What sequence of characters should I not indicate in the file name?

I found out after testing that linux allows any character in the file name except / and null ( \0 ). So, what sequence can I not allow in the file name? I heard that the host may confuse some command-line programs, which doesn’t matter to me, but it may bother other people if they decide to collect a bunch of files and filter them using some GNU programs.

I was asked to remove leading and trailing spaces, and I plan only because usually the user does not mean to have a leading / trailing space.

What could be the problematic sequence and which sequence should I consider unacceptable? I am also considering the inadmissibility of characters in windows just for convenience. I think I cannot allow dashes at the beginning (the dash is a symbol of the legal window)

+19
command-line linux filenames
Feb 20 '10 at 23:46
source share
6 answers

Your question is somewhat confusing as you talk in detail about Linux, but then in the comment to another answer you say that you generate file names for downloading people, which presumably means that you have absolutely no control over the file system and that files will be saved, which makes Linux completely inappropriate.

For the purposes of this answer, I am going to assume that your question is incorrect and your comment is correct.

The vast majority of operating systems and file systems in use today fall into approximately three categories: POSIX, Windows, and MacOS.

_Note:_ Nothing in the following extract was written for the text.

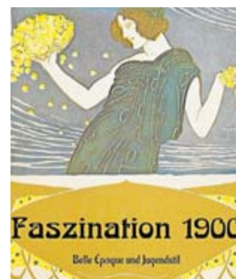
„Faszination 1900 - Belle Époque und Jugendstil“.

Besucherinnen und Besucher erlebbar. Die Ausstellung ist vom 7. September bis 27. Juli 2025 jeweils von Dienstag bis Sonntag in der Zeit von 13.30 bis 17.30 Uhr geöffnet (außer am ersten Wochenende im Monat, Freitag bis Sonntag).

The POSIX specification makes it very clear what the file name looks like, which is guaranteed to be portable across all POSIX systems. The characters you can use are defined in Section 3.276 (portable file character set) of the Open Group core specification as:

  ABCDEFGHIJKLMNOPQRSTUVWXYZ
 abcdefghijklmnopqrstuvwxyz
 0123456789 ._- 
The maximum file name the length you can rely on is defined in Section 13.23.3.5 ( <limits.h> Minimum Values) as 14 . (The corresponding constant is _POSIX_NAME_MAX .)

So, the file name is up to 14 characters long and contains only 65 characters listed above, it is safe to use in all POSIX compatible systems, which gives you combinations 24407335764928225040435790 (or about 84 bits).

If you do not want to annoy your users, you must add two more restrictions: do not start the file name with a dash or dot. File names starting with a period are usually interpreted as β€œhidden” files and will not appear in directory lists unless they are explicitly requested. And file names starting with a dash can be interpreted as an option by many commands. (Sidenote: it's amazing how many users don't know about the rm ./-rf or rm -- -rf .)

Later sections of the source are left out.